*MATERIAL SHOWN*
☆ ☆ ☆ ☆

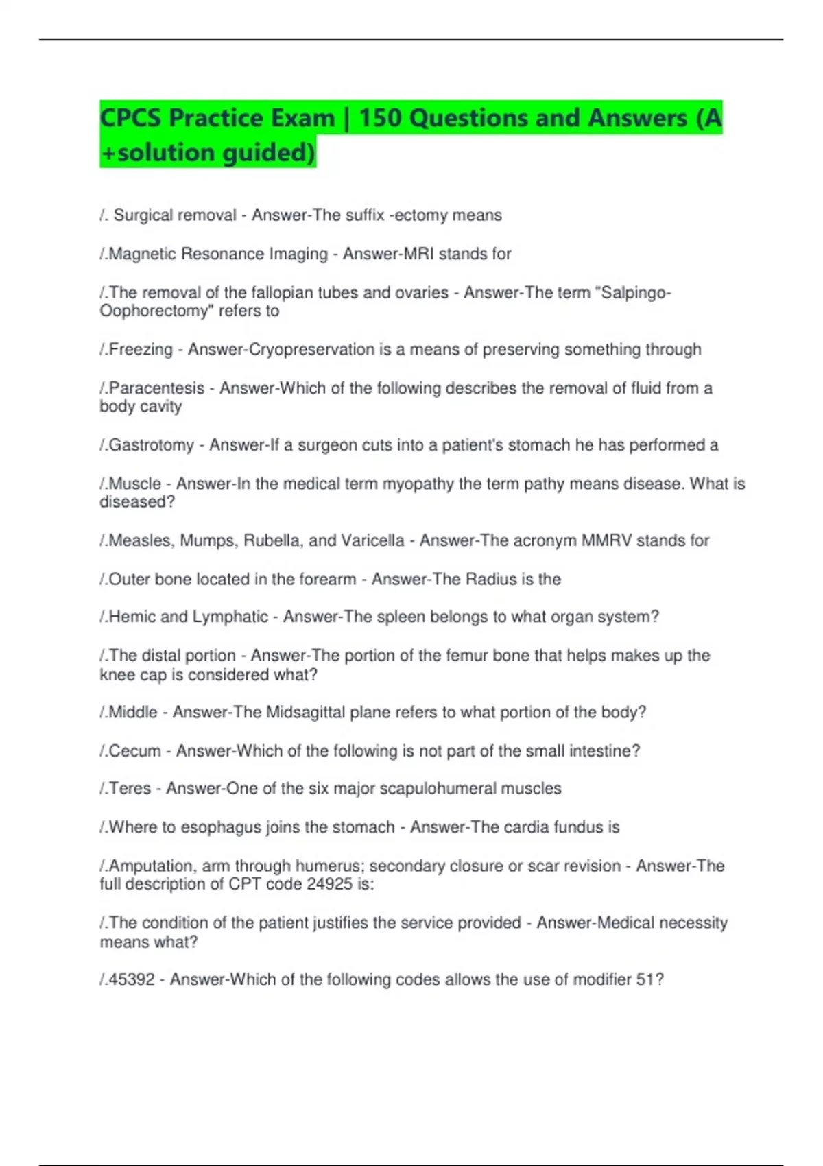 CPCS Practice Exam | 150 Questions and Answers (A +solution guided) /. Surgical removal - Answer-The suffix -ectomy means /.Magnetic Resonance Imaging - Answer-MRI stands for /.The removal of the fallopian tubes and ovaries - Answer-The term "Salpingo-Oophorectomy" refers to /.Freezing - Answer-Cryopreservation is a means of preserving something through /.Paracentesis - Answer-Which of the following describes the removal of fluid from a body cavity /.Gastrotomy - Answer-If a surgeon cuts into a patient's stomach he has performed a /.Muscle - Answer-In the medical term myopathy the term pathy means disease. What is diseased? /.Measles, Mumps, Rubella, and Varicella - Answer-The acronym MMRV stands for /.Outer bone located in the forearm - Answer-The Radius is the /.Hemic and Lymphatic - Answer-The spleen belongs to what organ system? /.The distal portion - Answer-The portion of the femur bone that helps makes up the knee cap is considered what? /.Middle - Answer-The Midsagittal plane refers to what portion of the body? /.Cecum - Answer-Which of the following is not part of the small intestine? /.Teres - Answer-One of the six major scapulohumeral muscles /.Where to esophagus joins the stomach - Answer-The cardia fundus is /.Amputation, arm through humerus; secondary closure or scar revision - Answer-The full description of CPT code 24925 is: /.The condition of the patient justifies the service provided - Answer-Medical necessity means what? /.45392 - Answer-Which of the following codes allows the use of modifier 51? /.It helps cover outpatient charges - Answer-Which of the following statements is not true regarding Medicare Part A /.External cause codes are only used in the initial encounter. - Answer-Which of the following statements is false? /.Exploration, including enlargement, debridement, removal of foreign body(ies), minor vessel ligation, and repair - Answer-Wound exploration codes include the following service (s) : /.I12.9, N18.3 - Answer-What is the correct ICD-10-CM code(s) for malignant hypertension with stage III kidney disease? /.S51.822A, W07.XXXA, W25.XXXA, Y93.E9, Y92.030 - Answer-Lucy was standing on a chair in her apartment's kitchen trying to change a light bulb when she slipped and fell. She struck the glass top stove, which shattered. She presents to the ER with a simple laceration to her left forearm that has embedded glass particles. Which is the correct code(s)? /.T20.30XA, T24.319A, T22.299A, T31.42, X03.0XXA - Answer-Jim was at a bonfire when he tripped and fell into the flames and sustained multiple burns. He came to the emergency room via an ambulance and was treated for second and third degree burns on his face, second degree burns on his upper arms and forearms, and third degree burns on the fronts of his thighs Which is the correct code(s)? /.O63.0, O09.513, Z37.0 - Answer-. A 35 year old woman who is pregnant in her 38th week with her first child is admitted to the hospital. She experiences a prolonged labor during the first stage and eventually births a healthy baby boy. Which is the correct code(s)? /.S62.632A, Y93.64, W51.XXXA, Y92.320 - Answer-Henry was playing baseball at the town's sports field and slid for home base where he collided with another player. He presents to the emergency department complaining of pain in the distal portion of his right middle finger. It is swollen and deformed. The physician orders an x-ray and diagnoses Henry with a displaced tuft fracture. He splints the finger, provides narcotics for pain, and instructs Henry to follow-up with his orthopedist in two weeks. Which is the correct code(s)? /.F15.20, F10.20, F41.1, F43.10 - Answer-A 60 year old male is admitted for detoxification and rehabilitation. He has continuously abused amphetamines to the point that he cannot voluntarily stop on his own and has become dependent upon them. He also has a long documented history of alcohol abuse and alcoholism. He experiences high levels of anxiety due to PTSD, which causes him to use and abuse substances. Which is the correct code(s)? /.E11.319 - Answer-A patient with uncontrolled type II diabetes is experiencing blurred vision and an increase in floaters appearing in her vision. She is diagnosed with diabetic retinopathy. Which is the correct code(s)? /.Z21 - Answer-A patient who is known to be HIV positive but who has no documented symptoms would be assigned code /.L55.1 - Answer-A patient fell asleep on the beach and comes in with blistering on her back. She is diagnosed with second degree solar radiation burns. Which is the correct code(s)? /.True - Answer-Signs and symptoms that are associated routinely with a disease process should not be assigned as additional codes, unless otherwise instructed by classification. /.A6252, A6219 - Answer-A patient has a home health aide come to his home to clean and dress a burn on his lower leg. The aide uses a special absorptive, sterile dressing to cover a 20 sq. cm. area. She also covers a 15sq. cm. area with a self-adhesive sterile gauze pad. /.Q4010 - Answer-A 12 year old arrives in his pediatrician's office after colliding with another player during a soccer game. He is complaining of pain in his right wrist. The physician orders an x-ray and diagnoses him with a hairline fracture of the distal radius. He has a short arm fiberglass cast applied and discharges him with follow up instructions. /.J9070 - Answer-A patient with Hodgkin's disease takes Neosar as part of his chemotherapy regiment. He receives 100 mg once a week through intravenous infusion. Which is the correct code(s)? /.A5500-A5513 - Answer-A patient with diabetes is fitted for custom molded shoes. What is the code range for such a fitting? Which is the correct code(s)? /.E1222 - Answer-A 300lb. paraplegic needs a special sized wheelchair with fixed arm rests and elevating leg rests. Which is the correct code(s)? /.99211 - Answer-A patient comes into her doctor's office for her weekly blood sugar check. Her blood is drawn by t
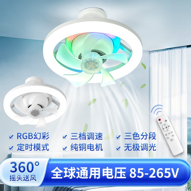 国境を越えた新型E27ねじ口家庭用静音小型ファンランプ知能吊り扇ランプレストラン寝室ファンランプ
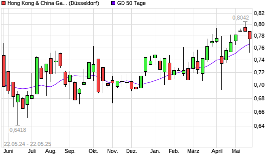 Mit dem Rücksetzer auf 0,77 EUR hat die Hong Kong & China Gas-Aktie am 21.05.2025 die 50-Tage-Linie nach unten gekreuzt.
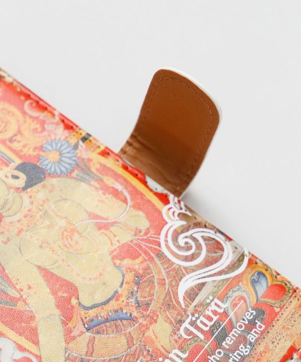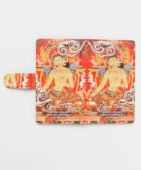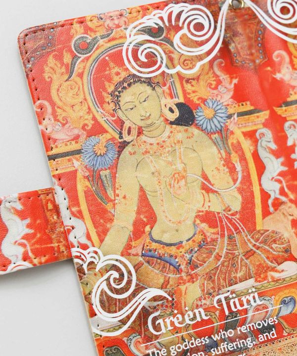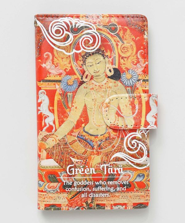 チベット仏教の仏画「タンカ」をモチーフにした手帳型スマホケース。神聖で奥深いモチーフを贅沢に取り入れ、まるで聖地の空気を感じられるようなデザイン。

☆ ☆ ☆ ☆

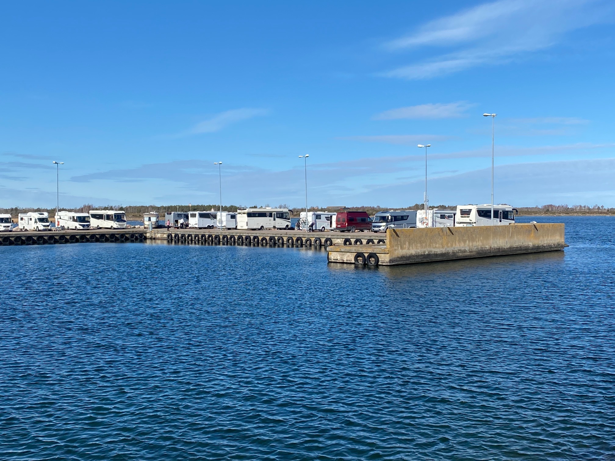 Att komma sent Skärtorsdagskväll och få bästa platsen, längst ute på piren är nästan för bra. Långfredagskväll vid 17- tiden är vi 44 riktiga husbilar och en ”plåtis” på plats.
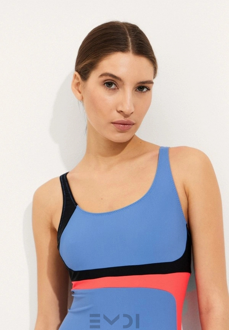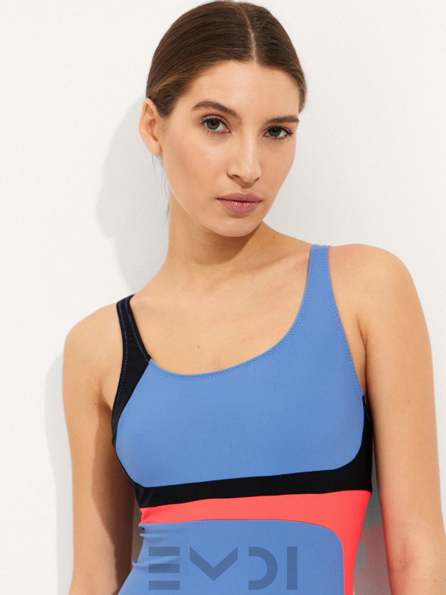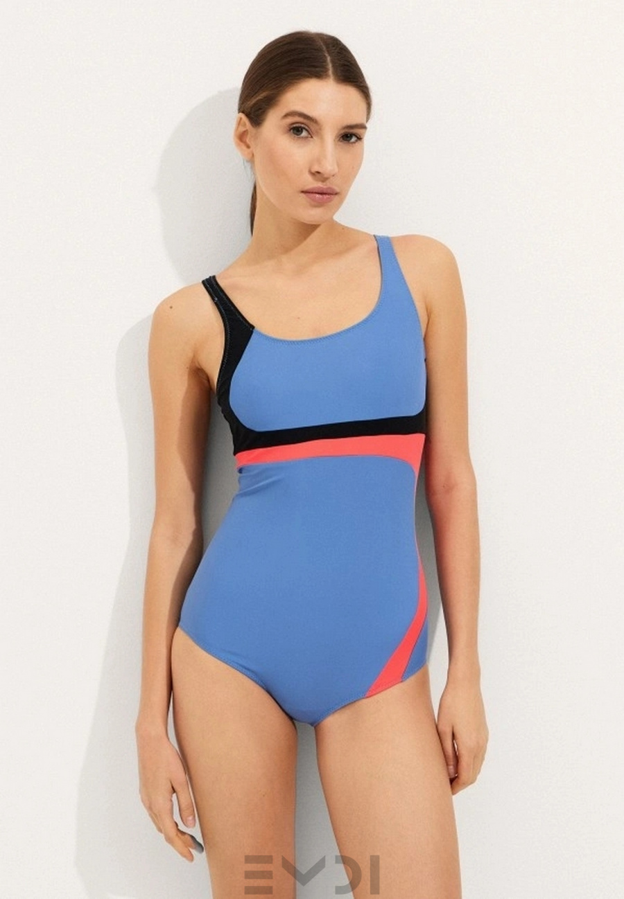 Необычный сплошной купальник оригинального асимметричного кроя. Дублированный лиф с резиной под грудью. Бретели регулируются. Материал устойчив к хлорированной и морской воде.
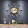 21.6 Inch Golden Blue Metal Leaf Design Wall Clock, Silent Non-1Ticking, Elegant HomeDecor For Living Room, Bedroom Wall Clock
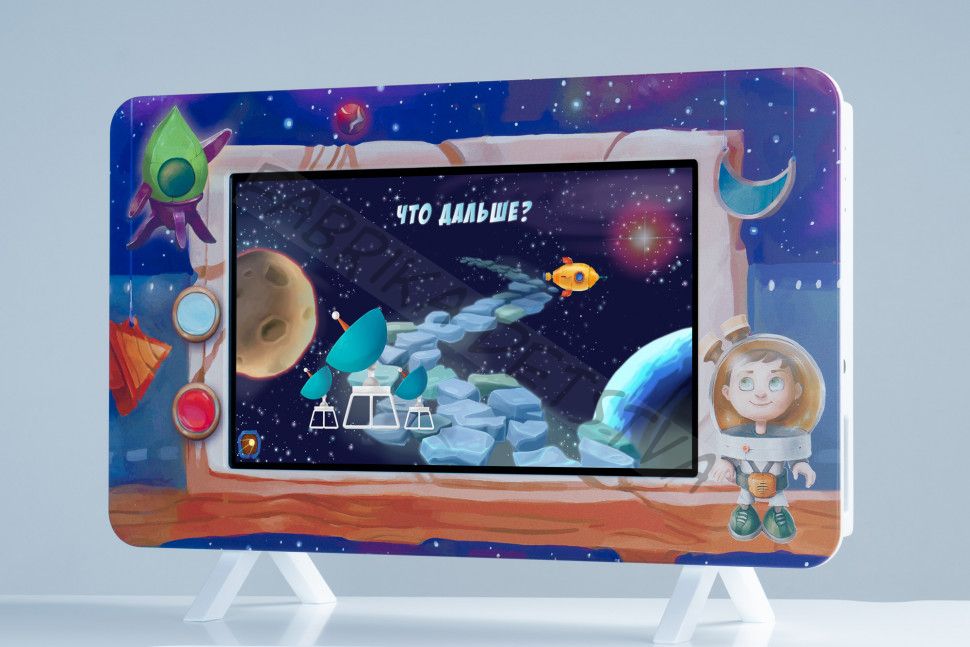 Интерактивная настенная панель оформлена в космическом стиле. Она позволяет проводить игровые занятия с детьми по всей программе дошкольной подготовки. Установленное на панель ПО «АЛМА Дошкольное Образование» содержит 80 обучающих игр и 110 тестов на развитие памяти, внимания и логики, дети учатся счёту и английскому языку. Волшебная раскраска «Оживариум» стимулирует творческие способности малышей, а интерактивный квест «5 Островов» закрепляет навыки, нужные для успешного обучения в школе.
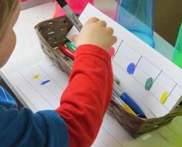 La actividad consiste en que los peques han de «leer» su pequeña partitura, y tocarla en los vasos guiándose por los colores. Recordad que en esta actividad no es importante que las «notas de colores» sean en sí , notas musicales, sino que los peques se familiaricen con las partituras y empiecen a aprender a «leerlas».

☆ ☆ ☆ ☆

*WHAT NEEDS TO BE DONE*
Excerpt from the records above: set down only the lines from the one that contains "Mit dem Rücksetzer" through the one that contains "チベット仏教の仏画「タンカ」", inclusive, word for word. Pictures stay out.

*SOLUTION*
 Mit dem Rücksetzer auf 0,77 EUR hat die Hong Kong & China Gas-Aktie am 21.05.2025 die 50-Tage-Linie nach unten gekreuzt.
 チベット仏教の仏画「タンカ」をモチーフにした手帳型スマホケース。神聖で奥深いモチーフを贅沢に取り入れ、まるで聖地の空気を感じられるようなデザイン。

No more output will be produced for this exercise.